START MATERIAL FOR THIS EXERCISE

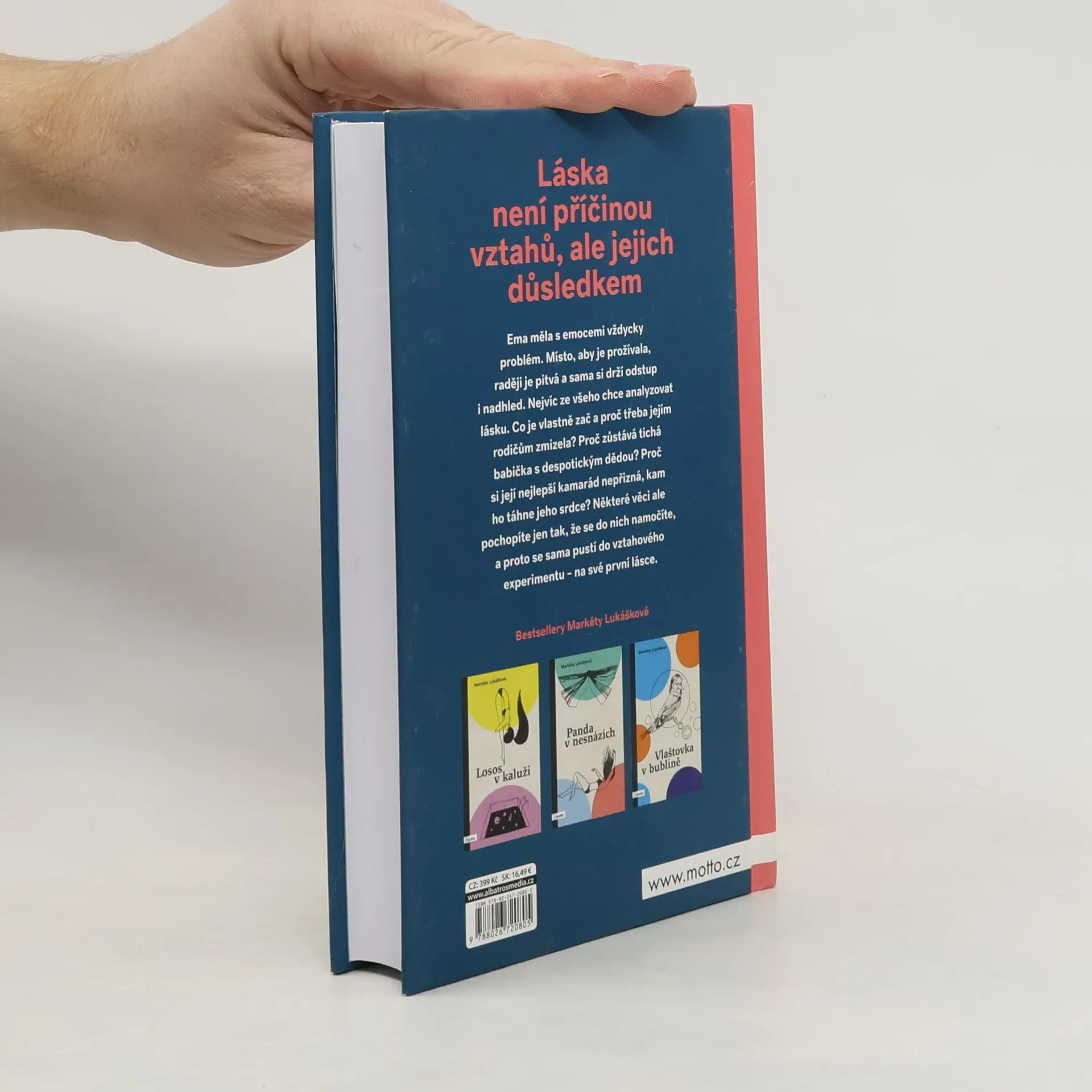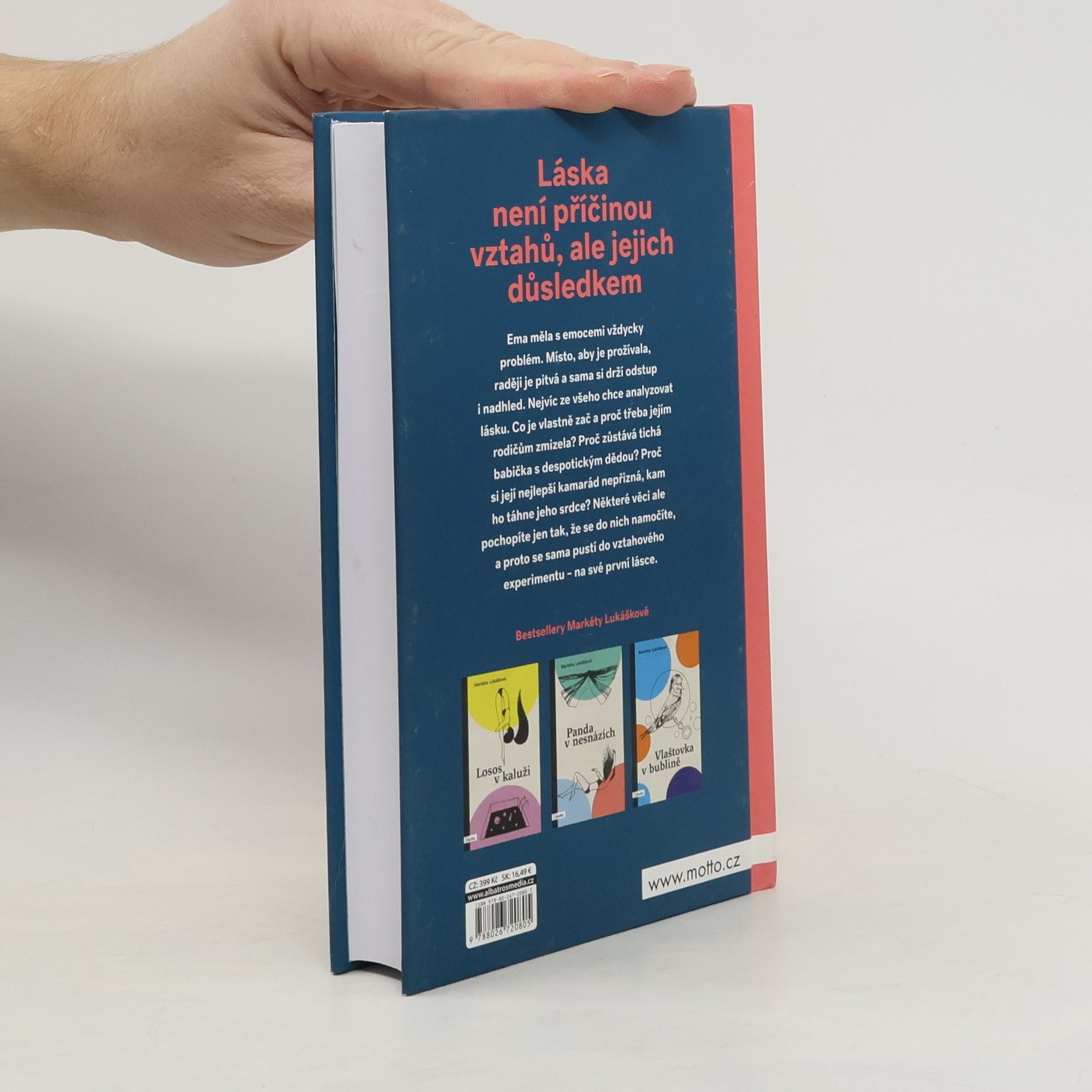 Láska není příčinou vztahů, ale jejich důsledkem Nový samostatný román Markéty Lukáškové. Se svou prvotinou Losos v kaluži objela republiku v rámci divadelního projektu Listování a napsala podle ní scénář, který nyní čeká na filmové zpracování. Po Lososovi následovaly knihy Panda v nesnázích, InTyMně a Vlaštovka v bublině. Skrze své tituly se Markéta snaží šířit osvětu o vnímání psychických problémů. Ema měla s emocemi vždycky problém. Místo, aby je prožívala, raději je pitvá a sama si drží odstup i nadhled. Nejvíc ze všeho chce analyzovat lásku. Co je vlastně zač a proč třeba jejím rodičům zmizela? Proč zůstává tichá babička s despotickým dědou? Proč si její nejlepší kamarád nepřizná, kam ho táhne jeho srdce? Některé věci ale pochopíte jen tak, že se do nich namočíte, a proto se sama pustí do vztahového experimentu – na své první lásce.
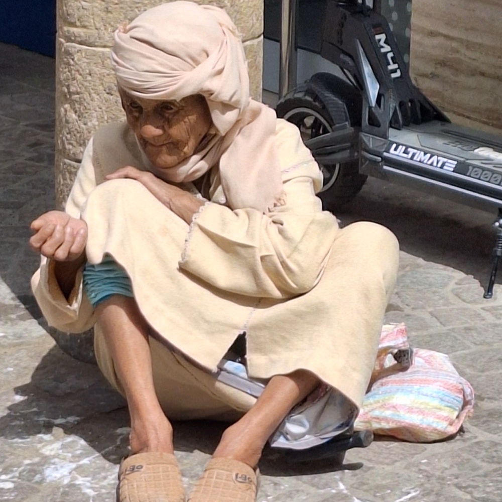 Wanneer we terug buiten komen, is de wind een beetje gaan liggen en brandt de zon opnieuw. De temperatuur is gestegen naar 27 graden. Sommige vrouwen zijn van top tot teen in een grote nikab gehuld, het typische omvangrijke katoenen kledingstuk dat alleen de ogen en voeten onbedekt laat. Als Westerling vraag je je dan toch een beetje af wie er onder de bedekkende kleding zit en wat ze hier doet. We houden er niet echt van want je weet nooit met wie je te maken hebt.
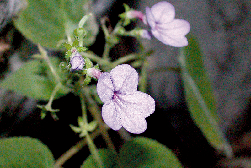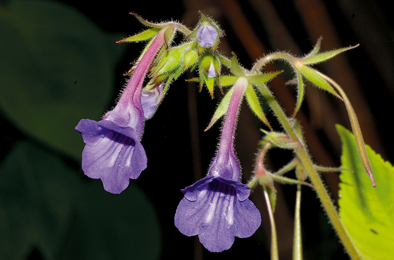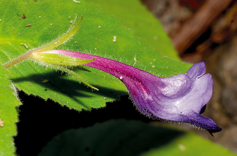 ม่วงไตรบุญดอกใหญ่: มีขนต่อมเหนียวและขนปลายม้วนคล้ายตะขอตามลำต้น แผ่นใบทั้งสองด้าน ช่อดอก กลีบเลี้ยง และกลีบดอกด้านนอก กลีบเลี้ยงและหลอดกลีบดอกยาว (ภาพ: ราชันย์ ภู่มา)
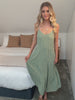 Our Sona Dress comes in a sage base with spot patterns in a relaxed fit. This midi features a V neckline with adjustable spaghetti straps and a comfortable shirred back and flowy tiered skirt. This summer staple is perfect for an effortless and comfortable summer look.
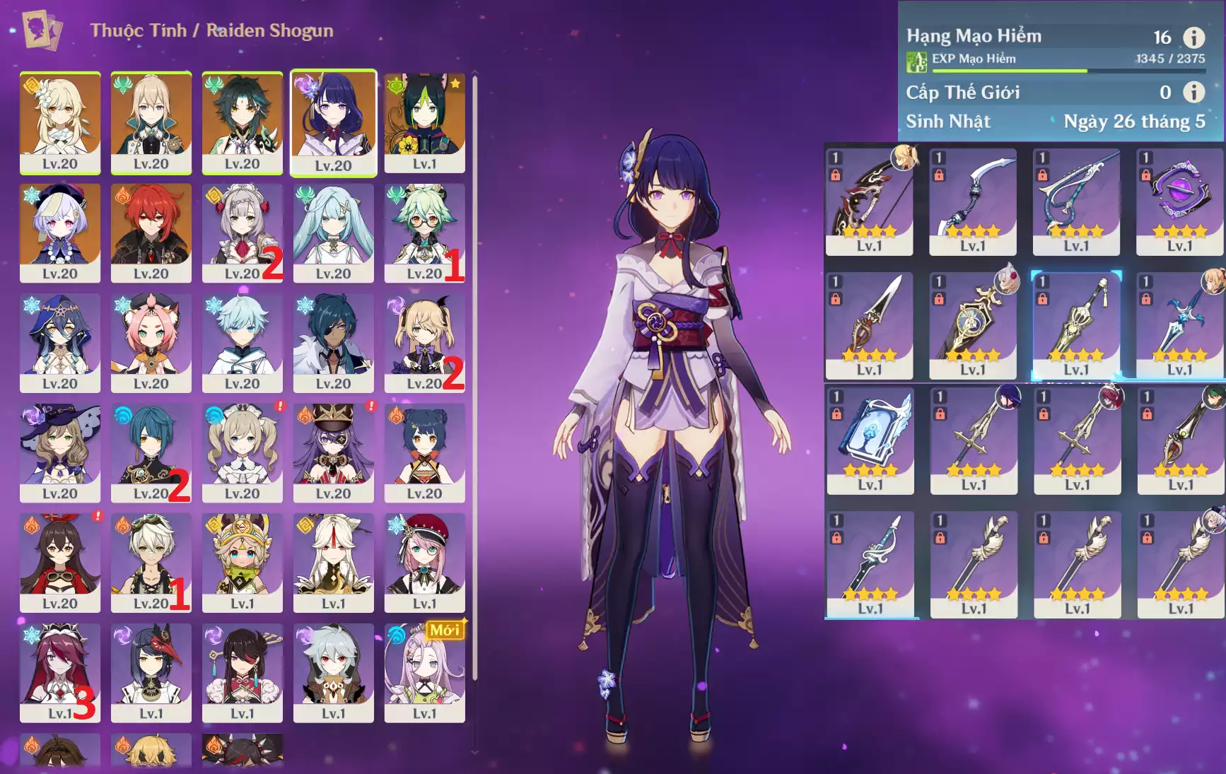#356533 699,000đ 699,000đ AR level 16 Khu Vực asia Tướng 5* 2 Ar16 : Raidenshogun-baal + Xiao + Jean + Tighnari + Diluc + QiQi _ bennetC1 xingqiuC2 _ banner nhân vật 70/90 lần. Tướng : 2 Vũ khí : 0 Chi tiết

END MATERIAL FOR THIS EXERCISE
START MATERIAL FOR THIS EXERCISE

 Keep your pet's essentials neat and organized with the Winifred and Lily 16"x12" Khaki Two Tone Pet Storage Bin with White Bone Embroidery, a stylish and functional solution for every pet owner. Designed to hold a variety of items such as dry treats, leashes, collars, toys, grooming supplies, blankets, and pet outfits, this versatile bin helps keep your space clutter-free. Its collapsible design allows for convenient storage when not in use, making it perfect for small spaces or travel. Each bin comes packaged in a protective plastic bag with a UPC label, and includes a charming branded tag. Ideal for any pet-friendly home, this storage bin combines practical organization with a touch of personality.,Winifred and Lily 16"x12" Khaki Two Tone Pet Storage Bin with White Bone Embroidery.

END MATERIAL FOR THIS EXERCISE

The data above holds the lines to copy: start at the one with "Láska není příčinou", stop at the one with "Our Sona Dress", include both, copy them exactly without pictures, and copy nothing else.

▸ FINAL ANSWER
 Láska není příčinou vztahů, ale jejich důsledkem Nový samostatný román Markéty Lukáškové. Se svou prvotinou Losos v kaluži objela republiku v rámci divadelního projektu Listování a napsala podle ní scénář, který nyní čeká na filmové zpracování. Po Lososovi následovaly knihy Panda v nesnázích, InTyMně a Vlaštovka v bublině. Skrze své tituly se Markéta snaží šířit osvětu o vnímání psychických problémů. Ema měla s emocemi vždycky problém. Místo, aby je prožívala, raději je pitvá a sama si drží odstup i nadhled. Nejvíc ze všeho chce analyzovat lásku. Co je vlastně zač a proč třeba jejím rodičům zmizela? Proč zůstává tichá babička s despotickým dědou? Proč si její nejlepší kamarád nepřizná, kam ho táhne jeho srdce? Některé věci ale pochopíte jen tak, že se do nich namočíte, a proto se sama pustí do vztahového experimentu – na své první lásce.
 Wanneer we terug buiten komen, is de wind een beetje gaan liggen en brandt de zon opnieuw. De temperatuur is gestegen naar 27 graden. Sommige vrouwen zijn van top tot teen in een grote nikab gehuld, het typische omvangrijke katoenen kledingstuk dat alleen de ogen en voeten onbedekt laat. Als Westerling vraag je je dan toch een beetje af wie er onder de bedekkende kleding zit en wat ze hier doet. We houden er niet echt van want je weet nooit met wie je te maken hebt.
 ม่วงไตรบุญดอกใหญ่: มีขนต่อมเหนียวและขนปลายม้วนคล้ายตะขอตามลำต้น แผ่นใบทั้งสองด้าน ช่อดอก กลีบเลี้ยง และกลีบดอกด้านนอก กลีบเลี้ยงและหลอดกลีบดอกยาว (ภาพ: ราชันย์ ภู่มา)
 Our Sona Dress comes in a sage base with spot patterns in a relaxed fit. This midi features a V neckline with adjustable spaghetti straps and a comfortable shirred back and flowy tiered skirt. This summer staple is perfect for an effortless and comfortable summer look.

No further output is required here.